- [Required work] The listing is to be returned word for word, without its images.

- [Given material]
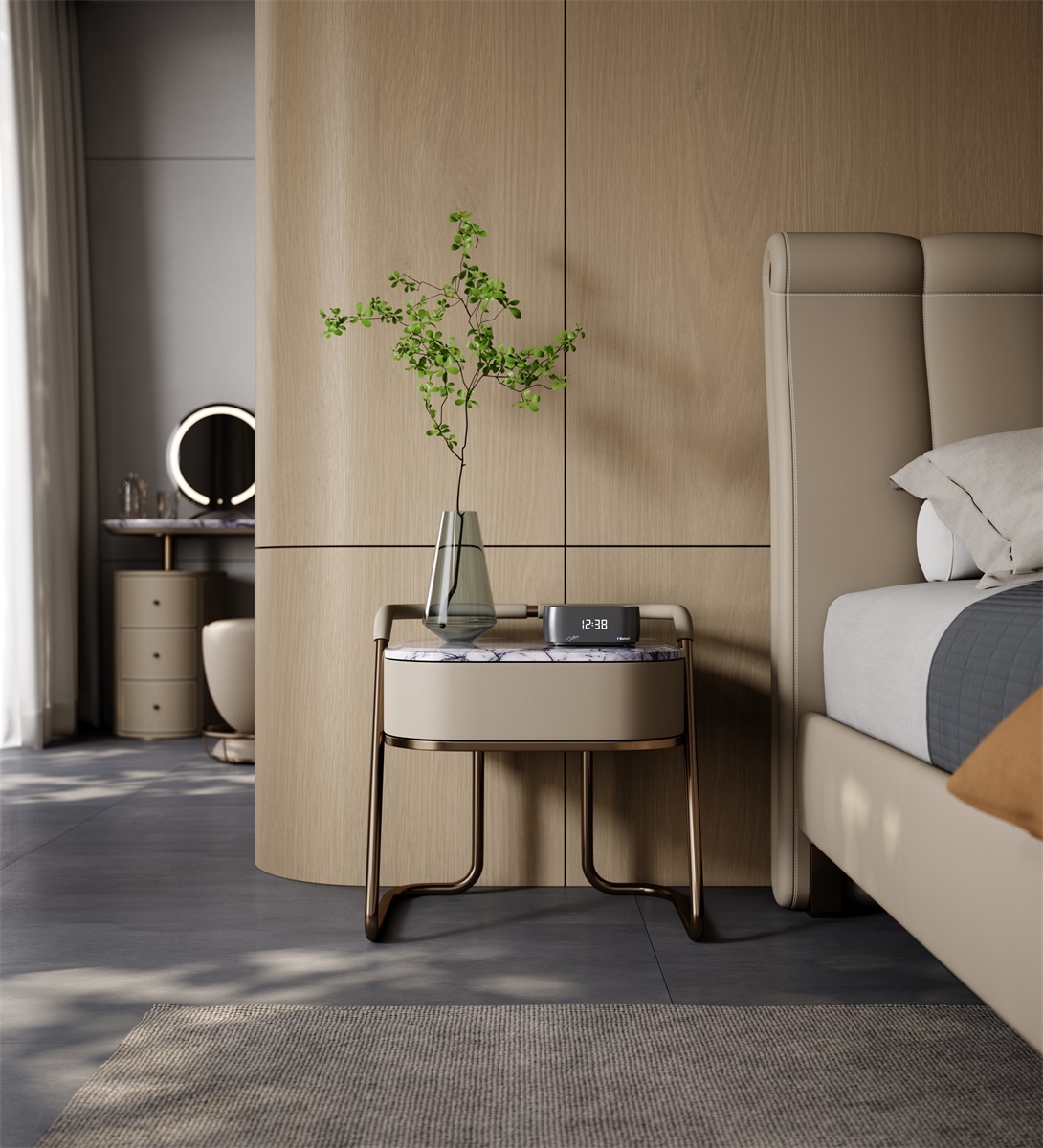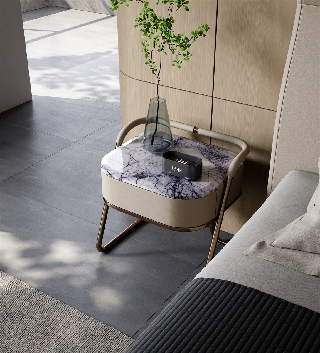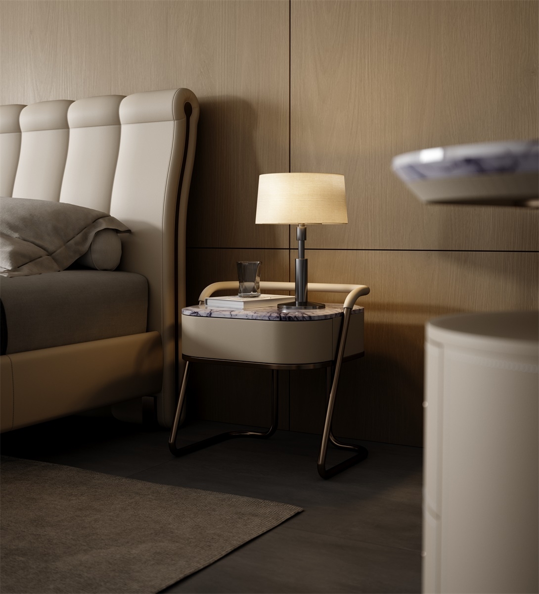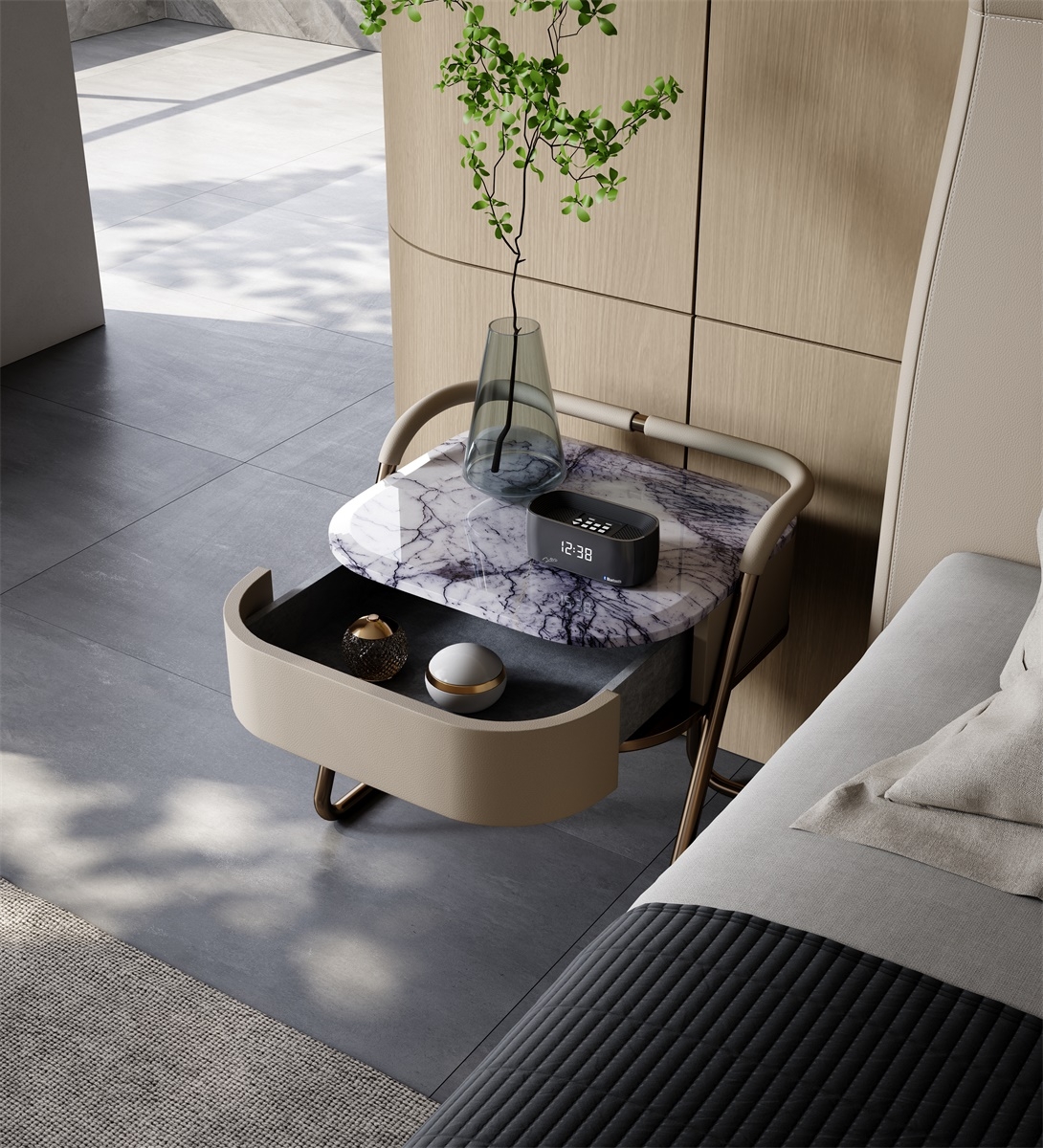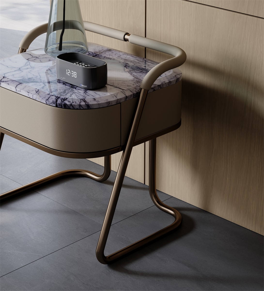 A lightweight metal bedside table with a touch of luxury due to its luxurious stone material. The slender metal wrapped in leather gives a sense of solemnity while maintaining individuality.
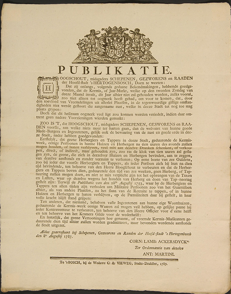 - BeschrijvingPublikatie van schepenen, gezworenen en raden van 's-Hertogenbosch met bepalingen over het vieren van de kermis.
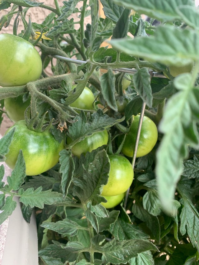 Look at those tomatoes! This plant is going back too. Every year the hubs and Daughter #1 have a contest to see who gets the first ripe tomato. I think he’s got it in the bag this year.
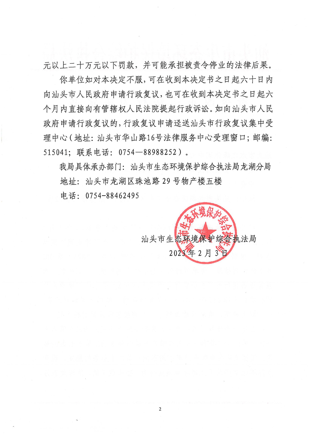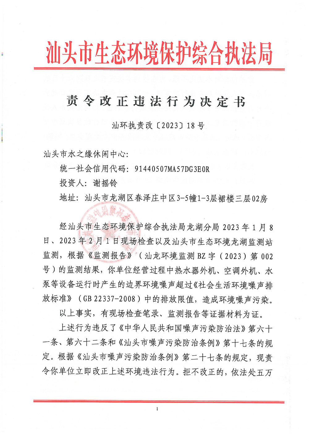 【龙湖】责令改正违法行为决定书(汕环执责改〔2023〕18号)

- [Answer box]
 A lightweight metal bedside table with a touch of luxury due to its luxurious stone material. The slender metal wrapped in leather gives a sense of solemnity while maintaining individuality.
 - BeschrijvingPublikatie van schepenen, gezworenen en raden van 's-Hertogenbosch met bepalingen over het vieren van de kermis.
 Look at those tomatoes! This plant is going back too. Every year the hubs and Daughter #1 have a contest to see who gets the first ripe tomato. I think he’s got it in the bag this year.
 【龙湖】责令改正违法行为决定书(汕环执责改〔2023〕18号)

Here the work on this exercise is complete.